(Beginning of Data for review)

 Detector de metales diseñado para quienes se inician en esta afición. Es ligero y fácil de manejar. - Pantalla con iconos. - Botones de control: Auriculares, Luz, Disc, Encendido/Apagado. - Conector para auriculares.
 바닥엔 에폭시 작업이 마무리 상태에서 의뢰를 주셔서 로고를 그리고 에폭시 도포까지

(End of Data for review)
(Beginning of Data for review)

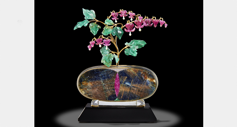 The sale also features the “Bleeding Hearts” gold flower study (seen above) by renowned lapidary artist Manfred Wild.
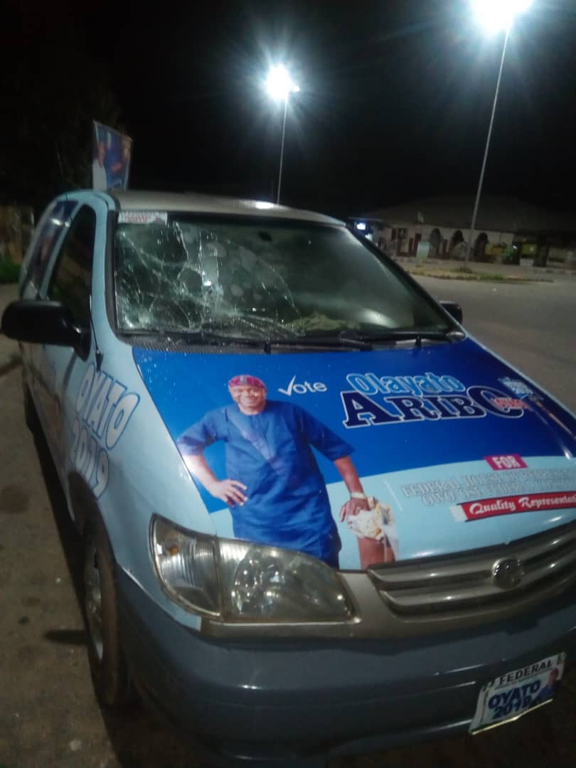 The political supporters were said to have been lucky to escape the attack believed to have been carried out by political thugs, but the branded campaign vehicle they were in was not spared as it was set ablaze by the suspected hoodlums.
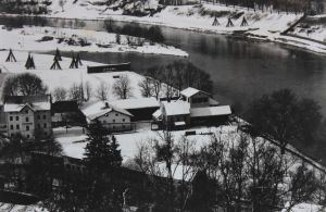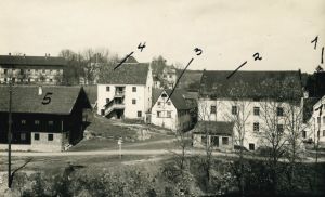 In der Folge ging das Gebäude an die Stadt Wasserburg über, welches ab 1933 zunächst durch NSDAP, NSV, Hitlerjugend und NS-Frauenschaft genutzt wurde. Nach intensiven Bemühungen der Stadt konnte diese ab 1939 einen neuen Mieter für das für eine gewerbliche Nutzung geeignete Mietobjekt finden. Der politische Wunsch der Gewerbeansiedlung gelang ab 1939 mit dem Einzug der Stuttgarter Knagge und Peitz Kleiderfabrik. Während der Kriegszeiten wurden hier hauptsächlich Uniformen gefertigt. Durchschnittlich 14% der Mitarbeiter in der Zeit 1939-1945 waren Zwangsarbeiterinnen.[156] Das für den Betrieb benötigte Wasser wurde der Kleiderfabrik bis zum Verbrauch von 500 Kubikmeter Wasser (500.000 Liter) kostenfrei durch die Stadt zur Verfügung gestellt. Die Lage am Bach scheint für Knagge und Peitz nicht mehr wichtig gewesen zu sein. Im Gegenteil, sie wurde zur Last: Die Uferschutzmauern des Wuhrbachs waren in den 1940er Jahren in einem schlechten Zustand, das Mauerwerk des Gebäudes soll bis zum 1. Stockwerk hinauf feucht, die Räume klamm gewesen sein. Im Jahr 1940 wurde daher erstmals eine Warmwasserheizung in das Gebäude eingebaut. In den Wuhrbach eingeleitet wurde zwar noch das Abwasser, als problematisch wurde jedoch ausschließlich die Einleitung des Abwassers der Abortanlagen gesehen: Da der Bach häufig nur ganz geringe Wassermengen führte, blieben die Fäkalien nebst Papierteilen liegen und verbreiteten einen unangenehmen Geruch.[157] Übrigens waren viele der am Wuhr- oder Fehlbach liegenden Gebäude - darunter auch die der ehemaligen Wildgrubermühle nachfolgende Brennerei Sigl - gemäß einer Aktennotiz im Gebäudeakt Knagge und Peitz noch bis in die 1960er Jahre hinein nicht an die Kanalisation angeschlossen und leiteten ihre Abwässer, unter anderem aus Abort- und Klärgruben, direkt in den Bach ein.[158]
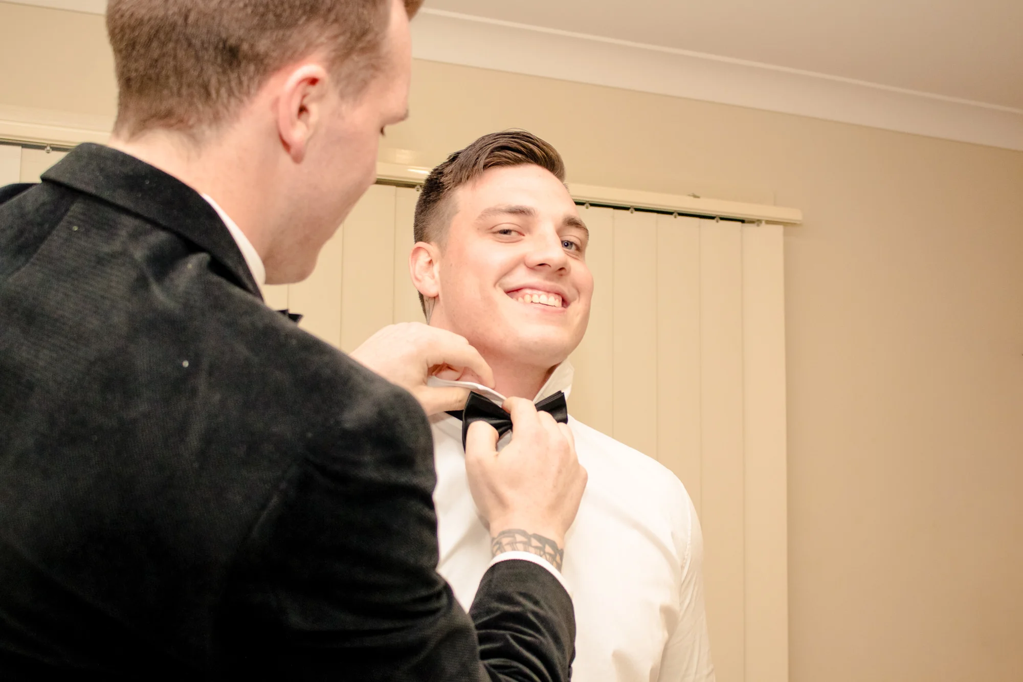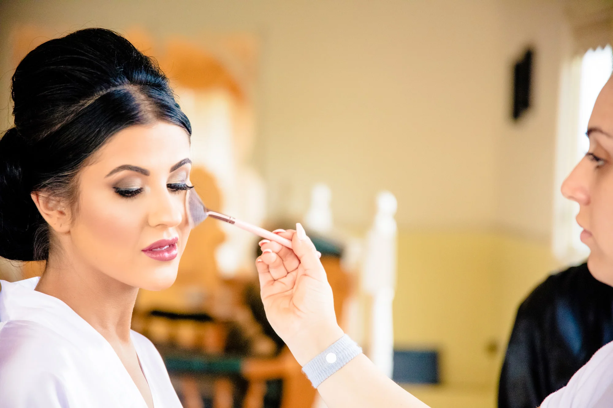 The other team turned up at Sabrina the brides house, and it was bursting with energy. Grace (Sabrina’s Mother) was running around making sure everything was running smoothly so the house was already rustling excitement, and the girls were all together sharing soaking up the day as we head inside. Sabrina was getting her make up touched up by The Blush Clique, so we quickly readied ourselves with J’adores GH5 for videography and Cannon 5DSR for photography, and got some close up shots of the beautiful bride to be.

(End of Data for review)

▶ [Task prompt]
In the entries above, find the line with "Detector de metales" and the line with "바닥엔 에폭시 작업이", then set down exactly those two and every line between them, nothing else.

▶ [Expected answer]
 Detector de metales diseñado para quienes se inician en esta afición. Es ligero y fácil de manejar. - Pantalla con iconos. - Botones de control: Auriculares, Luz, Disc, Encendido/Apagado. - Conector para auriculares.
 바닥엔 에폭시 작업이 마무리 상태에서 의뢰를 주셔서 로고를 그리고 에폭시 도포까지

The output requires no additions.